Early on, it was clear that there is something different about me. My language development was delayed; by my first birthday, I still was not speaking, instead relying on gestures and vocalizations to communicate. However, I was alert and seemed able to understand much of what was said to me, so the delay did not seem to be cognitive in origin. There was some delay in early motor development as well, but not to an abnormal extent.
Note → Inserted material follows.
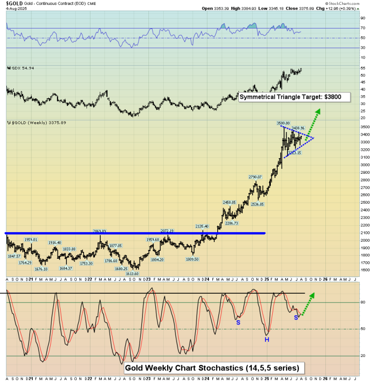 A (14,7,7 series) Stochastics buy signal is coming into play and enough time has passed during the formation of the rectangular drift between $3200 and $3440 to reasonably assume that a major upside breakout is imminent.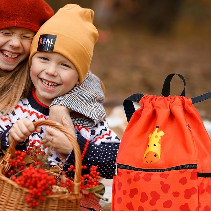 Giraffe Drawstring Back Kids Drawstring Bags Rainbow Gym String Backpack Bulk for Girls Boys Dance Waterproof Nylon Sports Giraffe One Size Orange

In June 1986, when I was 20 months old, an examination by an ENT specialist revealed fluid buildup in my middle ears which was affecting my hearing, and tubes were inserted to drain the fluid. At that time, I had a vocabulary of about five words. Later that year, my parents enrolled me in a nursery school, hoping that being in an environment with many other people would help me improve my verbal communication skills, but it did not work out as they had hoped. I showed extreme separation anxiety; every day that I went, I cried for about 20 minutes after my parents had left. Also significant was the fact that I kept to myself, not playing with any of the other children. After about three and a half months, I was removed from the school; it was far too stressful for me, and I had shown no significant improvement in my communication skills.


By March 1987, when I was 2 years 5 months old, my vocabulary had grown to about 30 words, but I was not using them in a meaningful fashion, and I rarely used word combinations. It was at this time that, at my parents’ request, my pediatrician referred me to a speech/language pathologist. On the Bayley Scales of Infant Development-Mental Scale, I scored low on language items, but my scores on nonverbal items were more age-appropriate.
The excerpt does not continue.